Que no es el mayor  lago artificial de Europa lo sabemos casi todos en este foro, ni por volumen, ni por extensión, ni por perímetro, ni por altitud ni por ninguna otra cosa que se me ocurra.
Que con 720 m3 de áridos, mejor llamarle escombrera de residuos, han hecho una montaña de 160 metros de altura sobre el terreno circundante, pues como que no me lo creo, vamos que me da risa.
Pero que le hayan puesto 600.000 árboles y que quepan 180 especies animales espontáneamente es algo demasiado, tengo que hablar con el que lo ha hecho, ha resuelto aquello de la impenetrabilidad de los cuerpos y el milagro de la quintuplicación del terreno.
Pensando que los áridos, escombros, están mal y son 750.000 m3 tampoco me da para subir hasta los 160 m de altura, cosa que conseguría con unos 4.000.000 de m3 y que tendría unos 80.000 m2 de superficie en forma de cono. Pero en 80.000 m2 no puedo, no me caben físicamente, 600.000 árboles  porque poner 7 y pico árboles por m2 como que se estorban.
Claro que si se han gastado 35 millones de euros y encima no han pagado el agua pues como que les ha salido muy cara la obra.
¿Cuantos de esos millones no están en lo restaurado?
Y es que desconfiar, lo que se dice desconfiar, desconfía uno hasta de su sombra, tal y como están las cosas.

----------


## F. Lázaro

Desde luego, hay algunas que son un puntazo. 

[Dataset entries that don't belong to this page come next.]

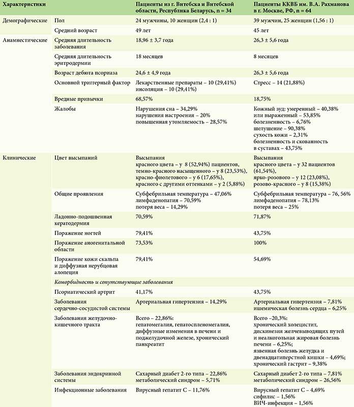 В результате сравнения демографических характеристик пациентов можно отметить преобладание эритродермической формы псориаза среди лиц мужского пола (60,94% в г. Москве и 70,58% в г. Витебске и Витебской области). В бразильском исследовании D. Miyashiro и соавт. также было отмечено, что при ПЭ заболеваемость выше и в более тяжелой форме характерна для мужчин (69,23%) [11].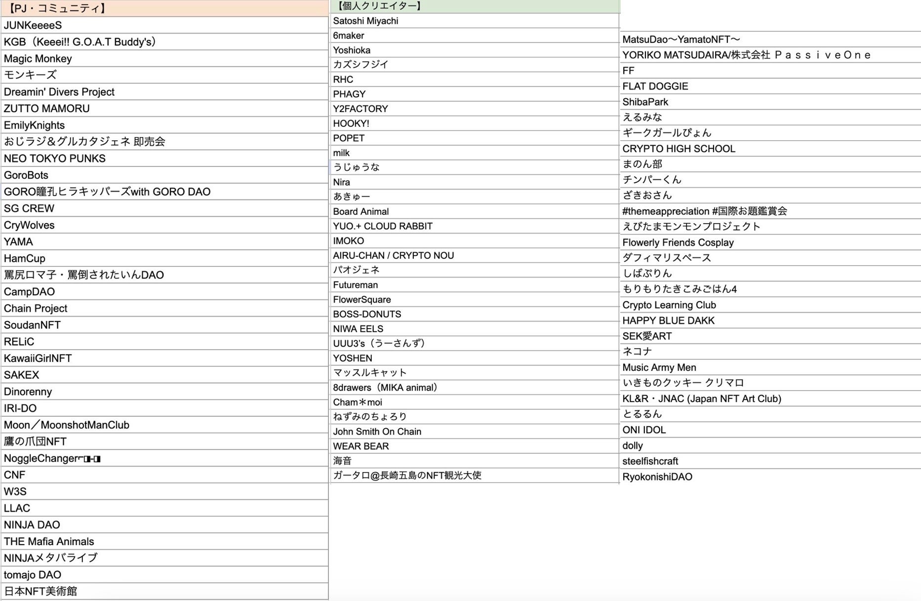 - NFT、クリエイター・プロジェクト、ブロックチェーン開発企業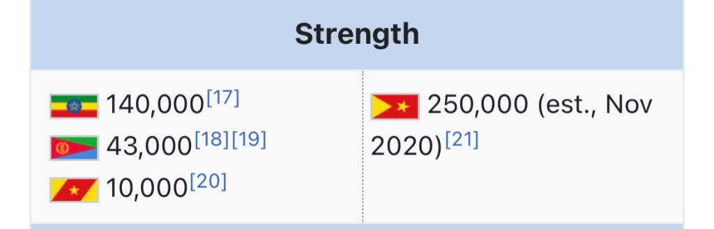 After a long build up of Eritrean and Amhara forces on Tigray’s borders, the actual fighting between the TPLF and the Ethiopia-Eritrea-Amhara alliance began with the 4 November attacks on Northern Command bases and headquarters of the ENDF in Tigray Region by TPLF-aligned security forces and with counterattacks by the ENDF in the Tigray Region on the same day, that federal authorities described as a police action.[42][32][43] The federal forces captured Mekelle, the capital of Tigray Region, on 28 November, after which Prime Minister Abiy declared the Tigray operation “over”.[10][44] The TPLF stated in late November that it would continue fighting until the “invaders” are out,[18][45][46] and on 28 June 2021 the Tigray Defense Forces retook Mekelle.[47]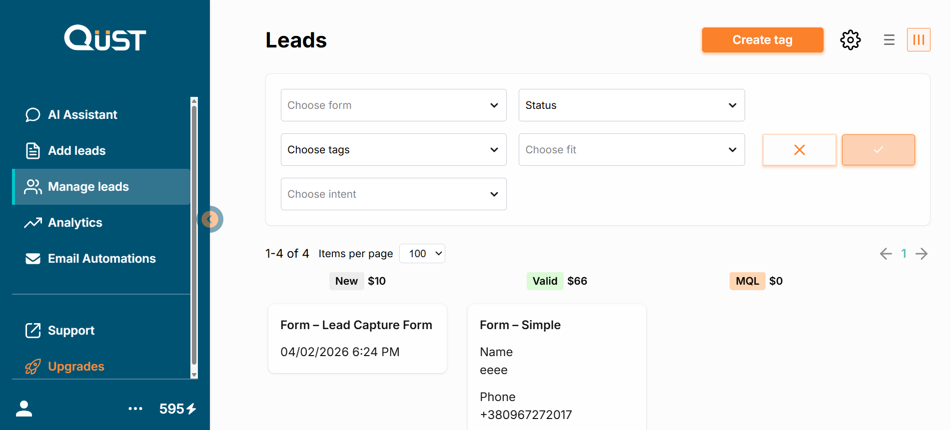 Forms and leads are tightly integrated within your project, enabling you to track changes and analyze data related to your work in real-time.

La del volumen en m3 de la escombrera es tremenda, 720 m3 dice, jaja, si eso no llega ni a 40 dumpers de 20 m3, como para hacer una montaña de 160 m. de altura  :Big Grin:  :Big Grin: 

No sé porqué, pero últimamente los periodistas tienen un cacao con las cifras descomunal, sin ir más lejos, con los caudales arman cada follón que da miedo sólo de leerlo.

----------